Спят курганы темные — страница 33 из 49

Грузовик оказался самосвалом – и мне повезло, раньше я был под несколькими рядами тел, теперь оказался сверху – те, кто был подо мной, откатились в сторону. Когда я услышал, что грузовик отъехал, я осторожно попробовал пошевелить затекшими ногами. Они слушались плохо, и я пополз на одних руках. Медленно, медленно, потом потихоньку, подключив задние конечности, встал на четвереньки, а затем и на ноги, опираясь на стволы деревьев. При свете убывающей, но все еще яркой луны можно было разглядеть кресты и памятники на могилах. Я понял, что оказался на кладбище.

Куда я брел – не помню, но вскоре выбрался на дорожку, а по ней вышел к открытым воротам. Ночью на кладбищах их обычно запирают. Но сейчас они были нараспашку – судя по всему, чтобы не мешать «азовцам» завозить новые партии трупов. Я на всякий случай спрятался в кустах – и, действительно, через три минуты послышался звук автомобильного мотора, показались фары, и въехал, практически не снижая скорости, небольшой самосвал – тот же или другой, не знаю. Я чуть подождал и тихо выбрался из ворот. На них висела табличка «Новотрощьке кладовище» – Новотроицкое кладбище.

Так вот, оказывается, куда меня занесло… Находилось оно на северо-восточной окраине города, чуть ли не за его чертой – где-то здесь кончается город и начинается Калиновка. Значит, я на улице Шоссейной… Чуть дальше начинается частный сектор, маленькие домишки, какая-то часть из них после «евроремонта», большинство в первозданном виде. И, что немаловажно, в одном из них живет мой старинный приятель и сослуживец по Афгану, Орест Лещишин.
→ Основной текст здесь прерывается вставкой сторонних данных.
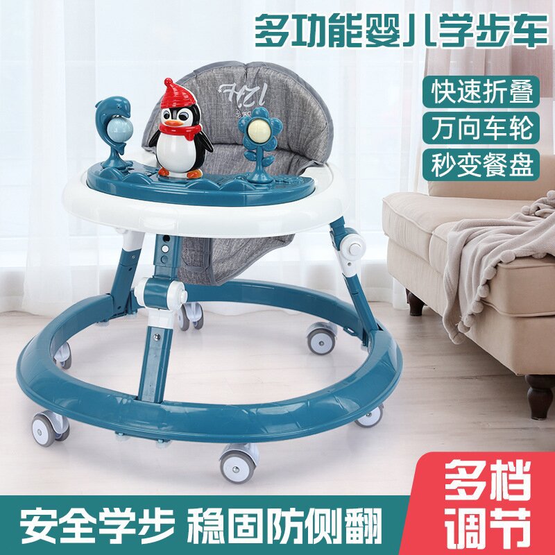 婴儿学步车防侧翻6/7-18个月宝宝助步车多功能防侧翻可折叠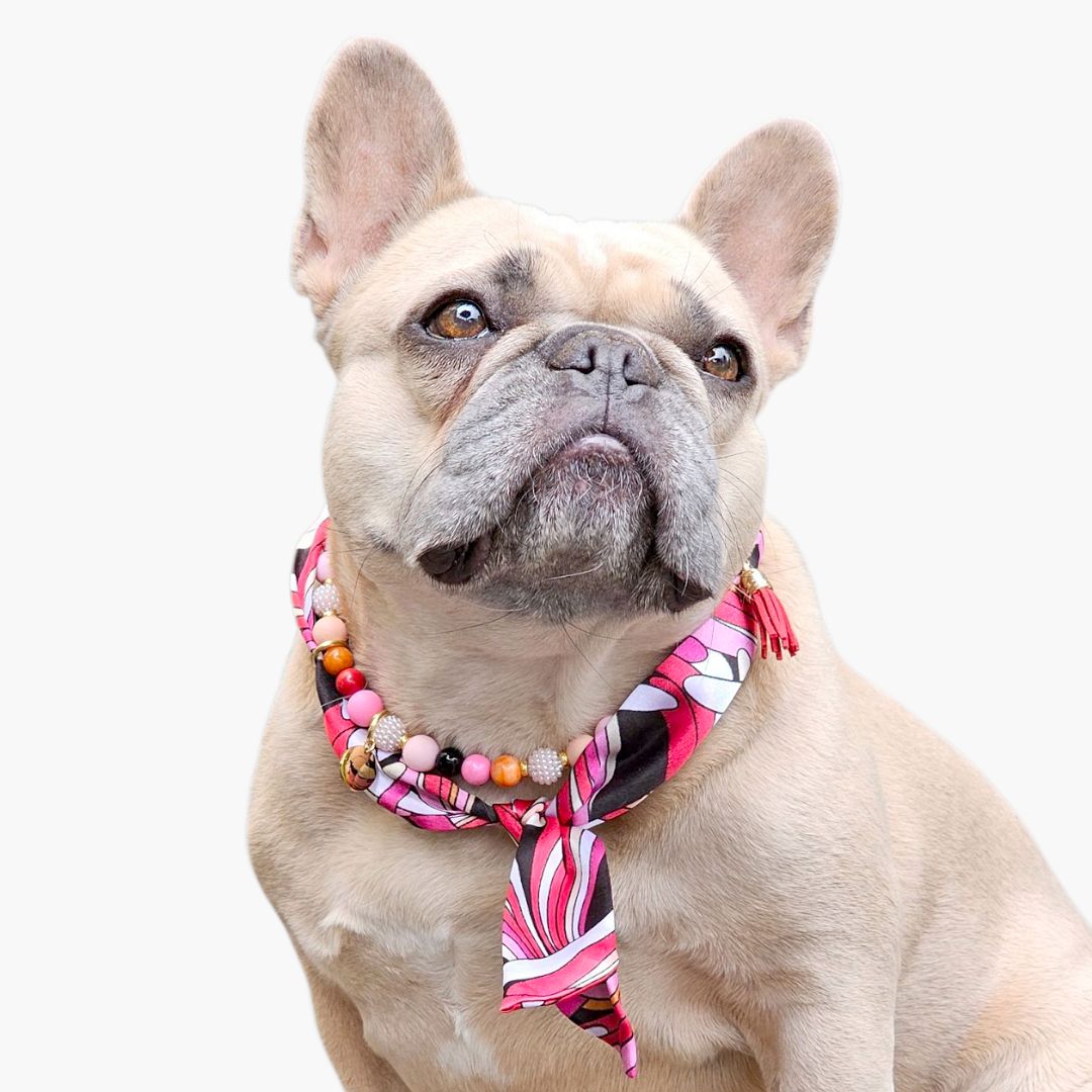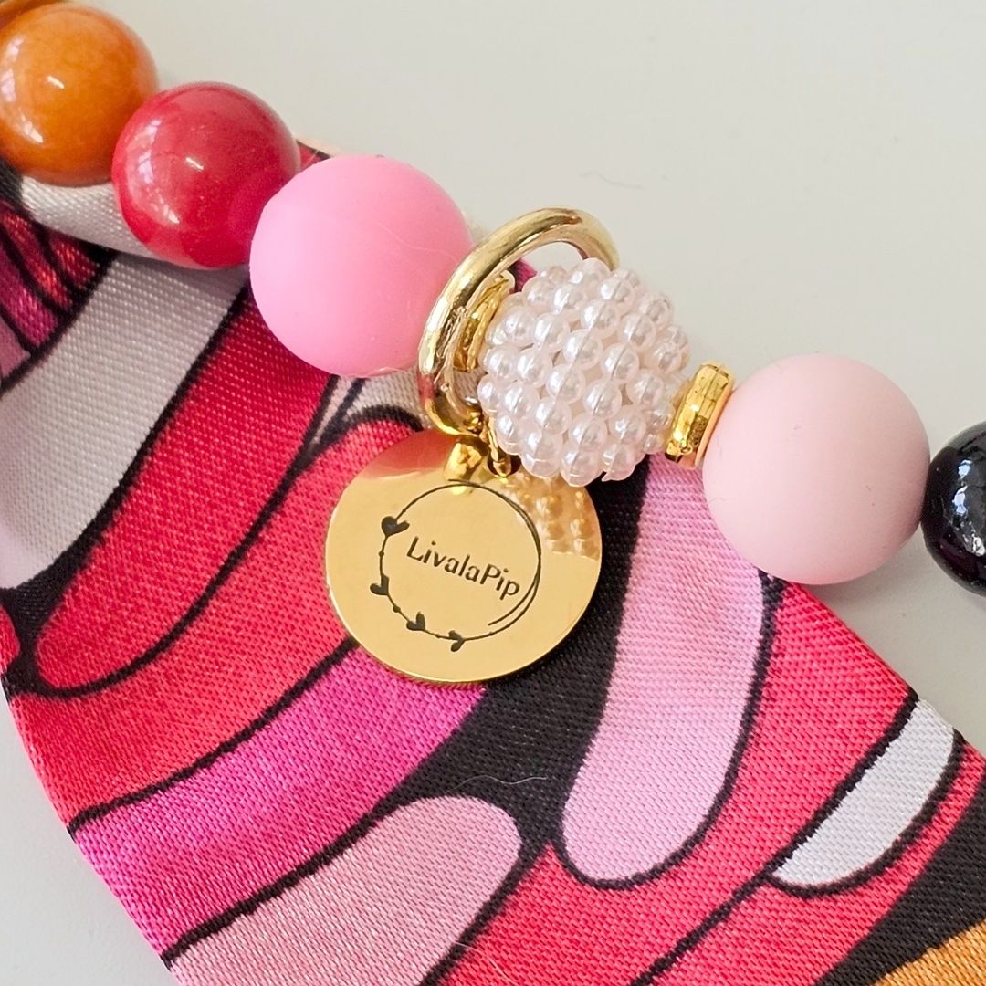 Laat je hond stralen met de LivalaPip Original© Gypsy Pink Bandana Ketting! Dit unieke, handgemaakte hondenaccessoire is een kleurrijke combinatie van een trendy sjaal en een speelse kralenketting in één. Het is een waar fashion statement en de ultieme blikvanger voor je viervoeter.

Квартиру он после расставания с очередной супругой каждый раз оставлял новой бывшей и переселялся в этот домик. По его словам, он два раза уже зарекался жениться на галичанке – и два раза наступал на те же грабли, что и в первый раз. Домик этот – ничего особенного, хотя деньги у Ореста имелись. Но у жилища Ореста имелось еще одно немаловажное преимущество – к калитке в сад можно подойти и по полю, минуя улицы, где меня кто-нибудь мог увидеть. И если учесть, что я голый и, скорее всего, весь в синяках, мне не стоило привлекать внимания. А на Ореста я мог положиться, как на самого себя.
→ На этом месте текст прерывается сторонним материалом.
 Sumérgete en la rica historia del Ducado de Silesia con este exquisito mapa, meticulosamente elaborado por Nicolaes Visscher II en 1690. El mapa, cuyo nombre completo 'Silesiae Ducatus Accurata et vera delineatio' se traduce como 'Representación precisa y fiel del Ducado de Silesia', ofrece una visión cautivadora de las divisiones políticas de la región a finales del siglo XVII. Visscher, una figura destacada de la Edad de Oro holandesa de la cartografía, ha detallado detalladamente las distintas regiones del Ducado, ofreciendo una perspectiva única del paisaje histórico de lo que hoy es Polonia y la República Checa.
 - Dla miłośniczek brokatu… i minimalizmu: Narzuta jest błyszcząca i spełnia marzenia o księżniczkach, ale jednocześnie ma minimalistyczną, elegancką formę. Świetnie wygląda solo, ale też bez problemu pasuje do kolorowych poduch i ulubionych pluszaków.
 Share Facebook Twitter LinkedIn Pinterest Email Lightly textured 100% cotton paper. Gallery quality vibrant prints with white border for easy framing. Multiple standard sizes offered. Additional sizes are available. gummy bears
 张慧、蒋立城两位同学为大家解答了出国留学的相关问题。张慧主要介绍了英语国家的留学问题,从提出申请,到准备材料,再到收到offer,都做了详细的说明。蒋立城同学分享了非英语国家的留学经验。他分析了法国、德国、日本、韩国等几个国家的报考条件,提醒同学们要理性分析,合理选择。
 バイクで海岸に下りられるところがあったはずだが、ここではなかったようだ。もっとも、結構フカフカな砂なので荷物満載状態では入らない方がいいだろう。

Позывной у него был «Колумб» – «я из Коломыи, так что подходит». Кто ж знал, что через несколько лет эта версия какого-то свидомого придурка – что Колумб, мол, был из Коломыи – войдет в украинские учебники истории… Вообще, конечно, западенцы разные бывают, но Орест оказался классным мужиком. В Афгане я его два раза выносил из-под огня. В первый раз он вернулся в строй, во второй, аккурат перед дембелем, ранение оказалось более серьезным, и, когда я его тащил, прилетело и мне – именно с тех пор я и хромаю. Потом мы с ним переписывались, и вдруг звонок в дверь, и на пороге стоит Колумб собственной персоной. Мол, решил посмотреть, как тут люди живут. Прожил у меня месяц, вернулся домой, а еще через некоторое время приехал вновь – уже насовсем, добавив: «Всего месяц жил у вас, а этих хохлов уже видеть не могу». Продал квартиру в Коломые и купил себе что-то в Марике, открыл бизнес, развернулся… Увы, он поддержал первый майдан, ездил в Киев, а потом плевался во время правления Ющенко, как больной верблюд. В конце тринадцатого отправился на второй майдан, но вернулся уже в середине января, бросив лишь: «С теми, кто кидается коктейлями Молотова в ребят, которые всего лишь стоят в оцеплении, мне не по пути».

Кое-где лаяли собаки, но так, лениво – все же я был в некотором отдалении. Я постучал в дверь веранды, через пару минут ее открыл Колумб с травматом «Хауда» в рука. Впечатляющая штука – действительно, внешне он напоминал обрез, с которым наводил шорох на питерских бандюков Данила Багров из «Брата». С дистанции десяти шагов его пуля пробивала доску. Увидев мою голую тушку, он выругался, затащил меня в дом, включил свет и внимательно осмотрел, покачал головой и сказал:

– Тю-ю! Кто ж тебя так отделал?! Краше в гроб кладут. Пойдем вот сюда – там никто не увидит. Ложись, кому говорю. – И он осмотрел меня – медиком он не был, но «за речкой» одно время исполнял обязанности санинструктора и кое-что, похоже, помнил.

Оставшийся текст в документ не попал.